Archive for the ‘C++’ Category

Regular Expressions in C++

Saturday, July 12th, 2008

Up to now, regular expression support in C/C++ programs was achieved using third party or open source regular expression libraries such as the PCRE library. With the addition of regex support to the C++ standard library as part of the C++0x standard update, using regular expressions in C++ programs has become much simpler. This feature is included in the TR1 draft reportwhich has already been implemented in some popular compilers such as gcc and Visual Studio 2008 (as part of service pack 1).  

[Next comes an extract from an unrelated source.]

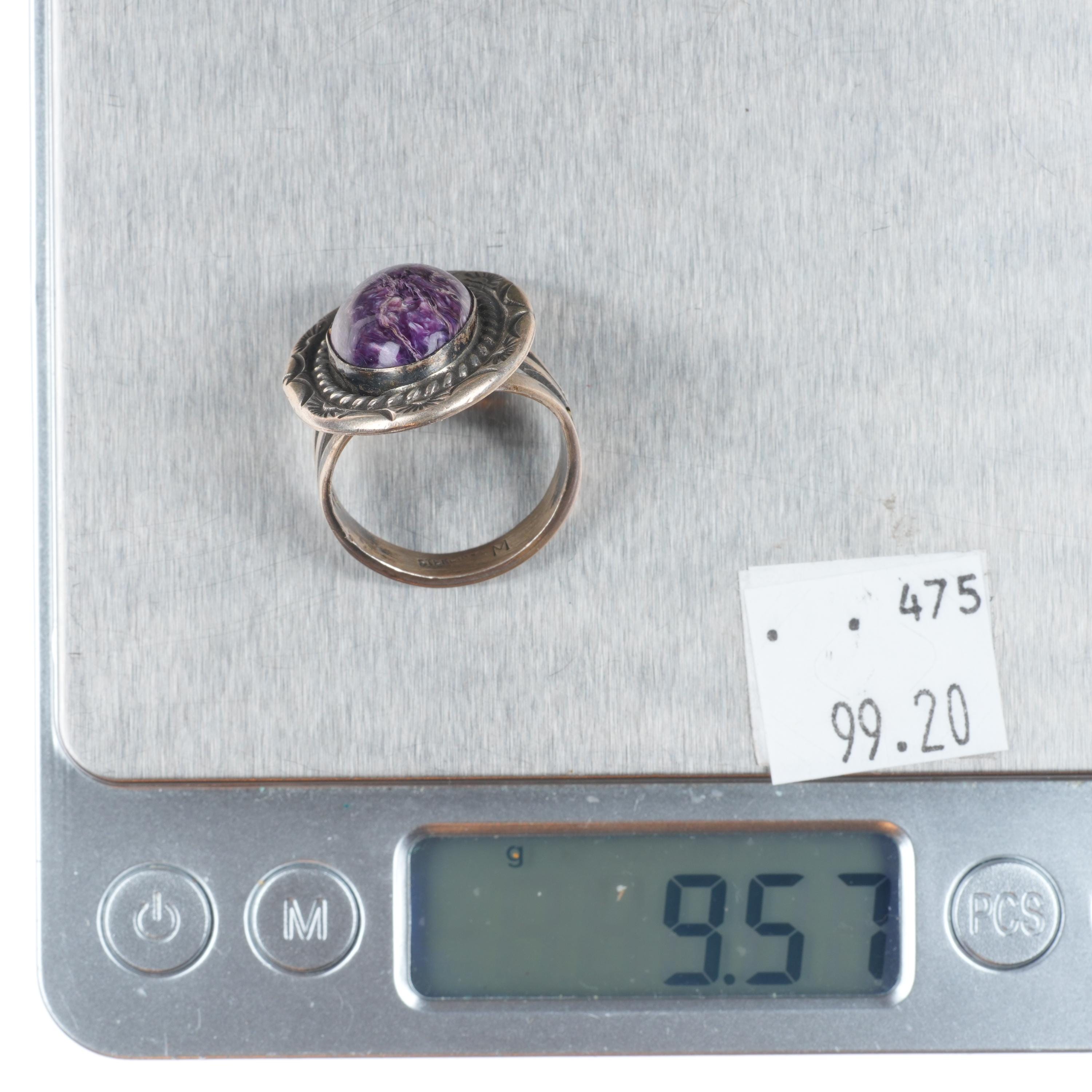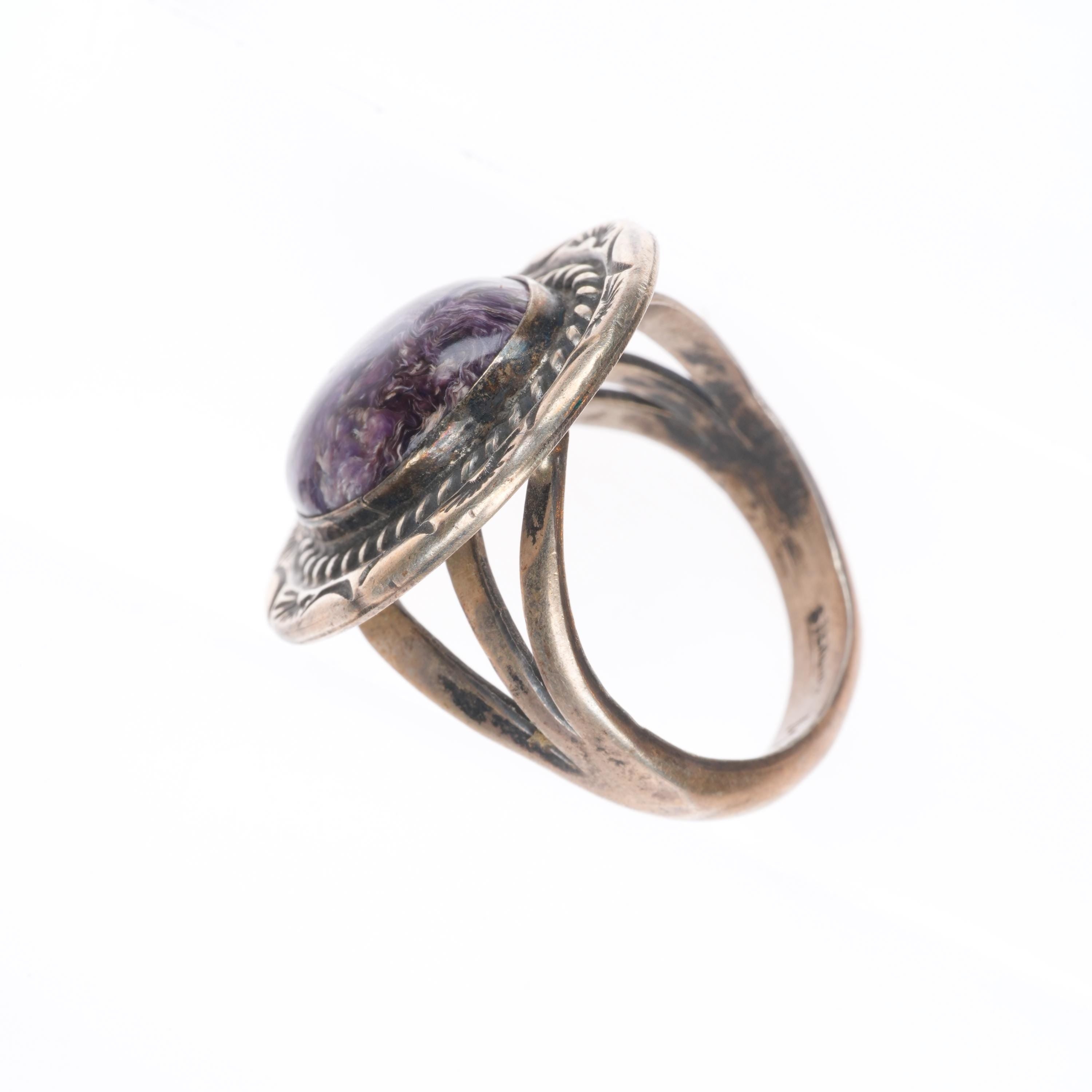 sz9.5 Vintage Navajo purple Charoite sterling silver ring. Tested and guaranteed solid sterling silver. Nice ring from the fourth quarter of the 20th century. Some expected wear, weight and measurements in pictures.

Six regular expression grammars will be supported in C++0x. The default is based upon the ECMAScript grammar specified in ECMA-262. This syntax is based upon the PCRE syntax and is used by languages such as Perl, Python and Ruby which also provide built in regular expression support. Other supported grammars include the POSIX regex syntax, and the syntaxes used in tools such as awk, grep and egrep.

Here are some examples that illustrate how to perform some basic tasks with the new C++ regex component of the standard library.

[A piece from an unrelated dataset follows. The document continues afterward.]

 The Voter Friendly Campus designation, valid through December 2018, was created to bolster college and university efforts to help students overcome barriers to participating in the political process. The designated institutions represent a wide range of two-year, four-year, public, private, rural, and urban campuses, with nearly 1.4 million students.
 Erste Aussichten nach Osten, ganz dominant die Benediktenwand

Header files and namespaces:

#include <regex>

using namespace std::tr1;

Finding a match:

regex rgx("ello");
assert(regex_search("Hello World", rgx));

The above example illustrates the construction of a regex object, with the regex pattern being passed as a parameter to the regex constructor. The regex object is a specialization of the basic_regex template for working with regular expressions which are provided using sequences of chars. The regex_search()function template is then used to see if the “Hello world” string contains the “ello” pattern. This function returns true as soon as the first matching substring is found. The regex_search()function is also overloaded to provide versions that take sequence iterators as params (instead of a full string) and also versions that provide additional info on the match results.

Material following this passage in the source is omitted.